Response: Thank you for nice suggestions! We used M.loti expressing DsRED to infect pLjAGD2a:GUS roots and bacteriods in the infection zone showed red florescence (Fig.1G), which clearly reflected that LjAGD2a was expressed mainly in the vascular bundle of nodules, not in the infected cells. Fig 1F, G, H, M have been replaced by new histological photographs and description of results was also modified in the revised manuscript from Line 90-94.  

The discussion section should also be expanded, in which the insights of the study of AGD2 proteins "in the microbial interactions of L. japonicus" was summarized. Only a few lines are devoted to discussing the participation of this protein in symbiotic interactions, where there is no mention of the effect of salicylic acid on nodulation and articles similar in subject matter are not discussed (for example: Stacey G., McAlvin C.B., Kim S.Y., Olivares J., Soto M.J. Effects of endogenous salicylic acid on nodulation in the model legumes Lotus japonicus and Medicago truncatula. Plant Physiol., 2006, 141(4): 1473-1481).

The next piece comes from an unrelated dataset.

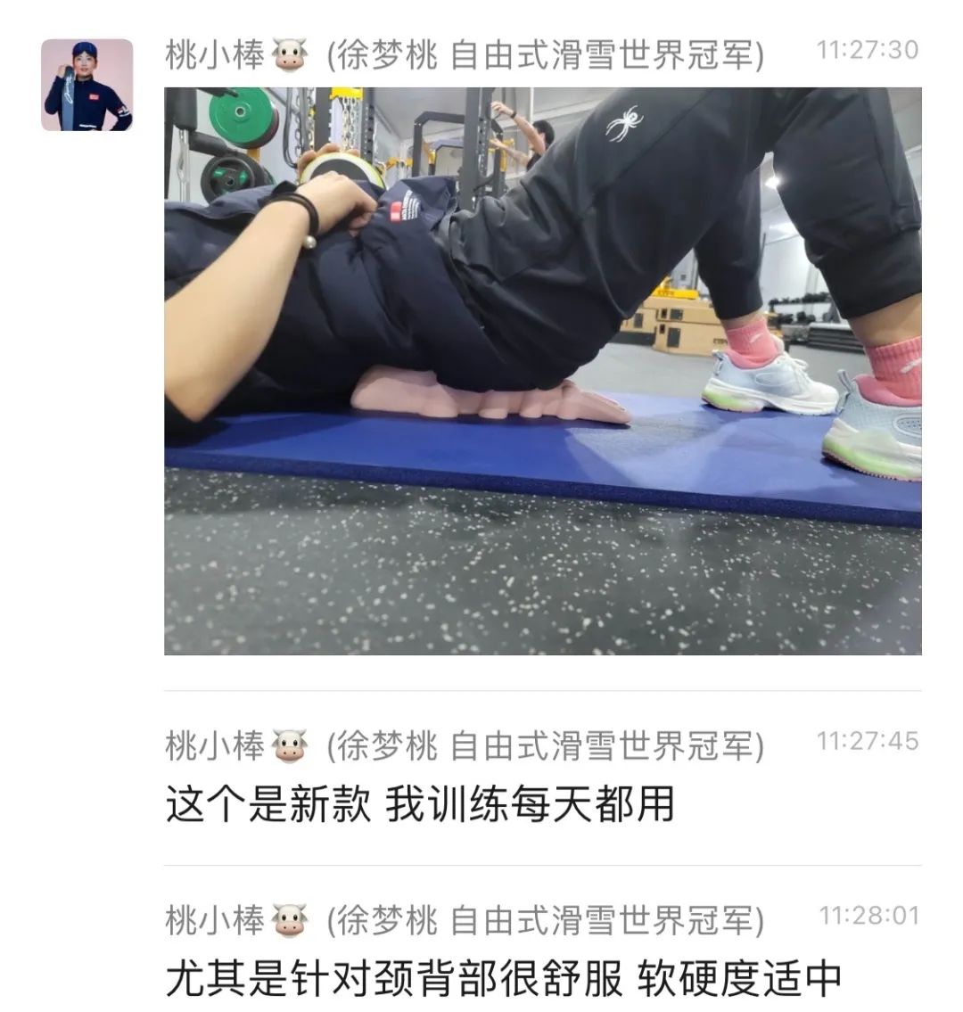除了拉伸颈椎,徐梦桃日常还会用来按摩和放松腰、背,小龙虾上的球球按摩起来力度刚刚好,特别舒服。

Response: Thank you for the constructive suggestion! We added a sentence about the effect of endogenous SA on nodulation in Legumes. From 336-341, “Knockdown of LjALD1 decreased SA content to promote nodulation in L. japonicus [13]. Consistent with this result, overexpression of salicylate hydroxylase NahG in M. truncatula and L. japonicus resulted in the reduction of endogenous SA levels and therefore a greater number of infection threads and nodules [19]. ”. We also added the reference in the revised article accordingly.

Round 2

Reviewer 2 Report

Dear Authors,

The manuscript looks more presentable. You have changed Figure 1 well, now you can see that LjAGD2b nodules are not empty. It is difficult to judge how effective they are, since no test was made on the activity of nitrogen fixation (acetylene reduction) and the color of the nodules was not mentioned (pink - effective).

Minor remarks:

4.1. - there is no mention of the growing medium for Mesorhizobium loti, although it is carefully prescribed for Ralstonia solanacearum. The type or brand of the growth chamber is not mentioned, as well as the illumination intensity.

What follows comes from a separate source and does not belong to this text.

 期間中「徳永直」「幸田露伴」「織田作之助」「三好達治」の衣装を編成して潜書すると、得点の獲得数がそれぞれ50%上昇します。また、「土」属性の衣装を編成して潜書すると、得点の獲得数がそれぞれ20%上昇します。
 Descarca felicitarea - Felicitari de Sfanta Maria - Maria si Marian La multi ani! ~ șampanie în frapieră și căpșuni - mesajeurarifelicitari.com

You describe how you observed pollen morphology, but you don't describe how you count the infection threads.

Author Response

The manuscript looks more presentable. You have changed Figure 1 well, now you can see that LjAGD2b nodules are not empty. It is difficult to judge how effective they are, since no test was made on the activity of nitrogen fixation (acetylene reduction) and the color of the nodules was not mentioned (pink - effective).

Response: Thank you so much for your nice comments. We showed the expression pattern of LjAGD2s in L. japonicus using pLjAGD2s:GUS plants in Figure 1, therefore, the nodule structure here cannot reflect whether LjAGD2s affect nitrogenase activity or not. But we always see pink nodules in both ljagd2 mutants and OE plants, so in this article we did not test the activity of nitrogen fixation.  

Minor remarks:

4.1. - there is no mention of the growing medium for Mesorhizobium loti, although it is carefully prescribed for Ralstonia solanacearum. The type or brand of the growth chamber is not mentioned, as well as the illumination intensity.You describe how you observed pollen morphology, but you don't describe how you count the infection threads.

Response: Thank you so much for your nice suggestions. We add YM medium, the brand of the growth chamber, illumination intensity and also how to count infection threads in the revised manuscript from line 424-430.